Gray Radiation Model
The RadiativeTransferModel model computes:
- Longwave radiation: Both upwelling and downwelling thermal radiation using RRTMGP's two-stream solver
- Shortwave radiation: Direct beam solar radiation
The gray atmosphere optical thickness for longwave follows the parameterization by O'Gorman and Schneider (2008),
\[τ_{lw} = α \frac{Δp}{p_0} \left[ f_l + 4 (1 - f_l) \left(\frac{p}{p_0}\right)^3 \right] \left[ τ_e + (τ_p - τ_e) \sin^2 φ \right]\]
where $φ$ is latitude and $α$, $f_l$, $τ_e$, and $τ_p$ are empirical parameters.
For shortwave:
\[τ_{sw} = 2 τ_0 \frac{Δp}{p_0} \frac{p}{p_0}\]
where $τ_0 = 0.22$ is the shortwave optical depth parameter.
The above two expressions are identical to those in the RRTMGP documentation.
Radiative Fluxes
After running set!, the radiative fluxes are available from the radiation model:
# Longwave fluxes (ZFaceFields)
ℐ_lw_up = radiation.upwelling_longwave_flux
ℐ_lw_dn = radiation.downwelling_longwave_flux
# Shortwave flux (direct beam only for non-scattering solver)
ℐ_sw = radiation.downwelling_shortwave_fluxThe gray atmosphere uses a non-scattering shortwave approximation, so only the direct beam flux is computed. There is no diffuse shortwave or upwelling shortwave in this model.
Solar Zenith Angle
When using a DateTime clock, the solar zenith angle is computed from:
- Grid location (longitude from
x, latitude fromyfor single-column grids) - Date and time from
model.clock.time
The calculation accounts for:
- Day of year (for solar declination)
- Hour angle (based on solar time)
- Latitude (for observer position)
Clear-sky Full-spectrum Radiation
For more accurate radiative transfer calculations, use the ClearSkyOptics optics flavor which computes full-spectrum gas optics using RRTMGP's lookup tables:
using Breeze, Oceananigans.Units
using RRTMGP, NCDatasets # Required for RRTMGP lookup tables
grid = RectilinearGrid(; size=16, x=0, y=45, z=(0, 10kilometers),
topology=(Flat, Flat, Bounded))
constants = ThermodynamicConstants()
radiation = RadiativeTransferModel(grid, ClearSkyOptics(), constants;
surface_temperature = 300,
surface_emissivity = 0.98,
surface_albedo = 0.1,
background_atmosphere = BackgroundAtmosphere(CO₂ = 400e-6))RadiativeTransferModel
├── solar_constant: 1361.0 W m⁻²
├── surface_temperature: ConstantField(300.0) K
├── surface_emissivity: ConstantField(0.98)

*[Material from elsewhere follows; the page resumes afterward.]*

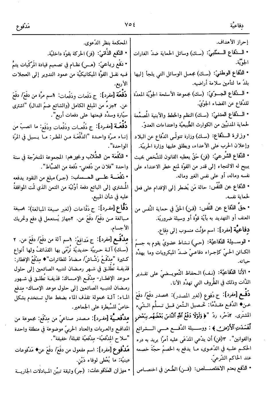 2 - دَحْر، ردّ " {وَلَوْلاَ دَفْعُ اللهِ النَّاسَ بَعْضَهُمْ بِبَعْضٍ لَفَسَدَتِ الأَرْضُ}: ووسيلة الدَّفع هي الشرائع والقوانين".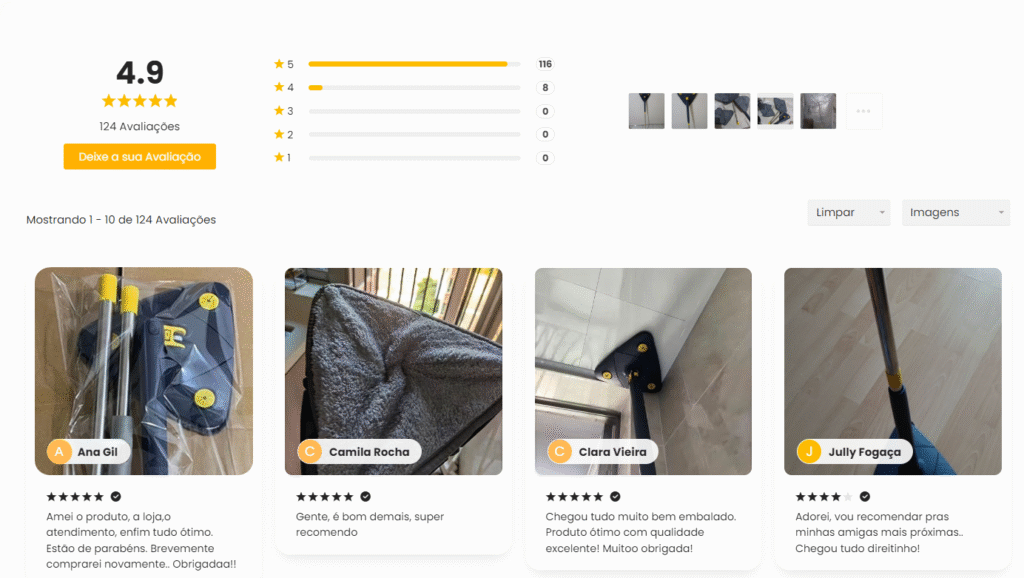 Você limpa a casa super rápido e sem respingar no chão, sem ficar molhando a casa toda. E melhor de tudo, sem molhar as mãos, porque não precisa ficar torcendo o pano.

├── direct_surface_albedo: ConstantField(0.1)
└── diffuse_surface_albedo: ConstantField(0.1)The BackgroundAtmosphere struct specifies volume mixing ratios for radiatively active gases (CO₂, CH₄, N₂O, O₃, etc.). Water vapor is computed from the model's prognostic moisture field.
Surface Properties
The RadiativeTransferModel model requires surface properties:
| Property | Description | Typical Values |
|---|---|---|
surface_temperature | Temperature at the surface [K] | 280-310 |
surface_emissivity | Longwave emissivity (0-1) | 0.95-0.99 |
surface_albedo | Shortwave albedo (0-1) | 0.1-0.3 |
solar_constant | TOA solar flux [W/m²] | 1361 |
Integration with dynamics
Radiative fluxes can be used to compute heating rates for the energy equation. The radiative heating rate is computed from flux divergence:
\[F_{\mathscr{I}} = -\frac{1}{\rho cᵖᵐ} \frac{\partial \mathscr{I}_{net}}{\partial z}\]

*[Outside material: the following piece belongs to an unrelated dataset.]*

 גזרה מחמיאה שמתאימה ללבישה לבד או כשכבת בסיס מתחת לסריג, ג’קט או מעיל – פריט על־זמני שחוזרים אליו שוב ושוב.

where $\mathscr{I}_{net}$ is the net radiative flux (upwelling minus downwelling), $cᵖᵐ$ is the mixture heat capacity, and $F_{\mathscr{I}}$ is the radiative flux divergence (heating rate).
Architecture Support
The radiative transfer implementation supports both CPU and GPU architectures. The column-based RRTMGP solver is called from Oceananigans' field data arrays with appropriate data layout conversions.